La guerre, cette catastrophe humanitaire, met aussi à mal la perception scientifique du réchauffement climatique. Depuis l’invasion russe en Ukraine en février 2022, la coopération avec Moscou a été gelée par les Occidentaux. Or, le manque de données sur l’Arctique, ce vaste territoire glacé dont la Russie détient près de la moitié de la masse continentale, se fait alarmante, pointent des chercheurs ce lundi 22 janvier dans une étude publiée dans la revue Nature Climate Change. Résultat, les connaissances, déjà profondément inquiétantes sur les changements en cours dans cette région du monde, sont de plus en plus biaisées.
L’Arctique se réchauffe deux à quatre fois plus vite que le reste du globe, affectant ses glaciers, ses forêts et ses sols gelés chargés en CO2 et en méthane, deux puissants gaz à effet de serre. Cette zone subit des changements irréversibles, à l’origine de potentielles répercussions en cascade sur l’ensemble de la planète. Mais le gel de la coopération internationale avec la Russie, géographiquement la plus grande nation de l’Arctique, a fait perdre une quantité de données considérables aux chercheurs, explique Efren Lopez-Blanco de l’université d’Aarhus, au Danemark, qui a dirigé l’étude. «L’un des problèmes immédiats qui se posent si l’on néglige la forêt boréale russe est que l’on sous-estime la biomasse et le carbone du sol», a-t-il expliqué. «Cela peut avoir des conséquences mondiales sur des processus importants tels que le dégel du pergélisol [ces sols gelés en permanence, ndlr], les changements dans la biodiversité ou même les émissions de gaz à effet de serre.»
Données mesurées sur place
En effet, «une grande partie de la compréhension du changement dans l’Arctique repose sur données in situ mesurées au sol dans les stations de recherche», explique l’étude, qui a examiné la qualité de production des données d’une soixantaine de stations de recherche du vaste réseau scientifique international Interact. En se focalisant sur huit facteurs, dont la température de l’air, les précipitations, l’épaisseur de la neige, la biomasse végétale et le carbone du sol, ses conclusions montrent que le réseau présentait déjà des lacunes avant le conflit en Ukraine (les stations étant concentrées dans les régions chaudes et humides, tandis que d’autres secteurs étaient sous-couverts). La Russie comptant 17 des 60 stations d’Interact, le gel des échanges avec Moscou a accentué le problème, en particulier pour l’immense taïga de Sibérie.
Interview
Depuis le début de la guerre, des projets scientifiques ont été retardés ou annulés, tandis que le forum régional du Conseil de l’Arctique, longtemps considéré comme un modèle de coopération, est désormais polarisé entre l’Ouest (Canada, Danemark, Finlande, Islande, Norvège, Suède et États-Unis) et la Russie.

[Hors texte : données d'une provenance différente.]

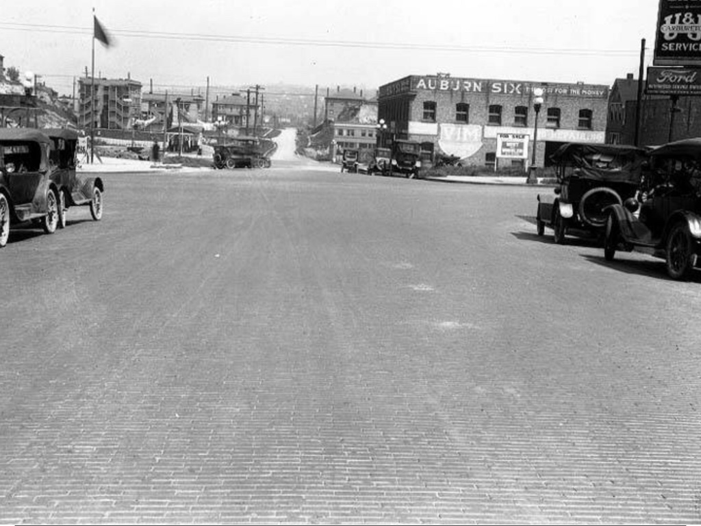 Before it was annexed to Seattle in 1910, Georgetown was a separate city connected to Seattle by streetcar. By the mid-1920s, Georgetown was just a short drive away in the family automobile. This 1925 photo shows evidence of both the old and the new transportation. Taggart Motor Company, the Ford dealership, sits on Stanley Avenue near the streetcar tracks. The old Georgetown city hall with its pointed clock tower is in the right background.

Pour un autre réseau qui travaille avec environ 80 sites russes, dont 55 partagent habituellement des données chaque année, seules 37 stations ont fourni des données pour 2023, bien qu’un rattrapage prochain ne soit pas exclu, explique Dmitry Streletskiy, chercheur spécialiste du pergélisol à l’université George Washington, aux Etats-Unis, et qui n’a pas participé à l’étude. Selon lui, le problème pourrait être résolu si les principales données climatiques étaient partagées de la même manière que les informations météorologiques, via un système régi par les Nations unies.